Mary Williams has been teaching chemistry to St. Mary High School students for nearly a quarter century. Although Williams has always loved her job, she claims that she has found new classroom vigor through the tech-tools she now uses with her students.
As a guest blogger, Williams tells her classroom story:
I teach chemistry at the secondary level. I have been teaching for over 25 years, and have been re-energized this year by all the technology available to me and my students. Not only does it make learning fun, but more importantly, I believe it makes it more effective. Let me share a few of my experiences with you.
I found out about Digital Wish this fall and they made me aware of the Flip, a small video camera that is extremely easy to use. Since first acquiring this little device, I have had to lend it out to other staff, almost as often as we use it in class. I have had students who usually run the other way when homework is mentioned, come in after school to make a Flip email card about a chemistry demo for the class. Students now ask to do projects involving video. Some students are natural “hams” and I take advantage of this by having them present chemistry ideas to the rest of the class. In the process they learn (when you have to teach you tend to really learn the material), and it helps the other students learn too.
One of the “hot” words in education seems to be Multiple Intelligences or MI. I’m sure many of you have heard of this theory and I see evidence of it everyday in my classroom. So the question becomes- how do you effectively teach to all the different MI’s in one classroom, in one period? I don’t know if anyone has a complete answer to this, but I have found that using multimedia- visual, musical, linguistic, interpersonal and intrapersonal intelligences all blend together and seem to help students.
When I assign a project involving a video, such as animoto, (if unfamiliar with animoto, go to their website and check it out: www.animoto/education.com ) the students really, dare I say, enjoy it!
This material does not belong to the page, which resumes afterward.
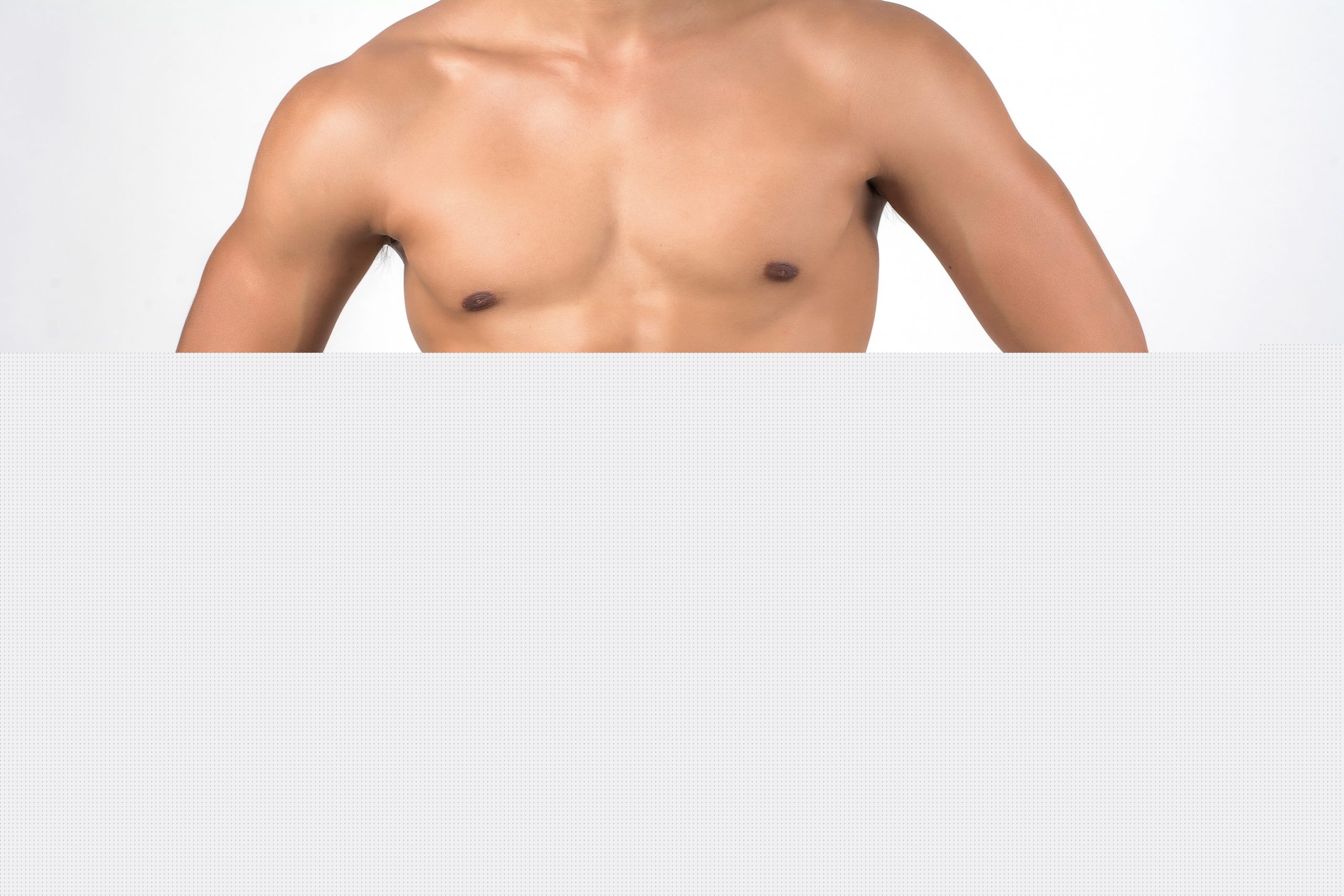 Muscular man showing six pack abs isolated on white background.
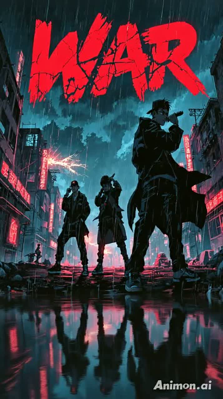 Rapper 1: deep tone, calm storytelling, Rapper 2: low, wise and powerful tone, like a mentor or philosopher, Rapper 3: rough tone, emotional intensity, Chorus performed as a loud chant shouting “WAR!” — layered with crowd-style vocals and DJ scratches, Outro : scratch the vocal line: ‘This war-like era—world we live in!’ with chopped, stuttered phrasing: ‘Thi—Thi—This war— / world we— world we live in—in!’ Make it raw, gritty, and 90s battle DJ style, ”

Projects that involve a visual, musical and even the limited written element not only reach several of the intelligences, but also allow students to express themselves, to process what they are learning, and often, to see how learning can be fun. Then, when we share the projects in class, we review the content multiple times. Think about it. I assign a 2 minute video on properties of acids and bases, and when we watch each others videos- we may review that concept 10-15 times. They enjoy making these little videos, as well as watching them and it takes relatively little time.
There are several other websites that I find allow me to address students' multiple intelligences, and keep class interesting. One is www.blabberize.com . When you can get a picture of Einstein to tell the students what they should bring to lab- they tend to listen. Or if you can have a student do a first person biography of Antoine Lavosier (Father of Chemistry) and have Lavosier present his biography to you, it adds a little something to the report.
Another interesting site that is a fun way to present material, either by the teacher or for a student presentation, is www.goanimate.com ( link to http://goanimate.com/movie/0z3GjuMDFR2A?utm_source=linkshare&uid=0JzS0pHb8X-E for an example). This creates animations which you can use to present a new concept.
Do all these things replace the problem sets, lectures, review and traditional teaching methods? No, not at all, but they sure do add to them-and I believe enhance the learning process. For the students it’s like coming to class everyday, and instead of listening to one note over and over again, they can listen to the whole musical scale- and maybe pick up a catchy tune they can’t keep out of their head.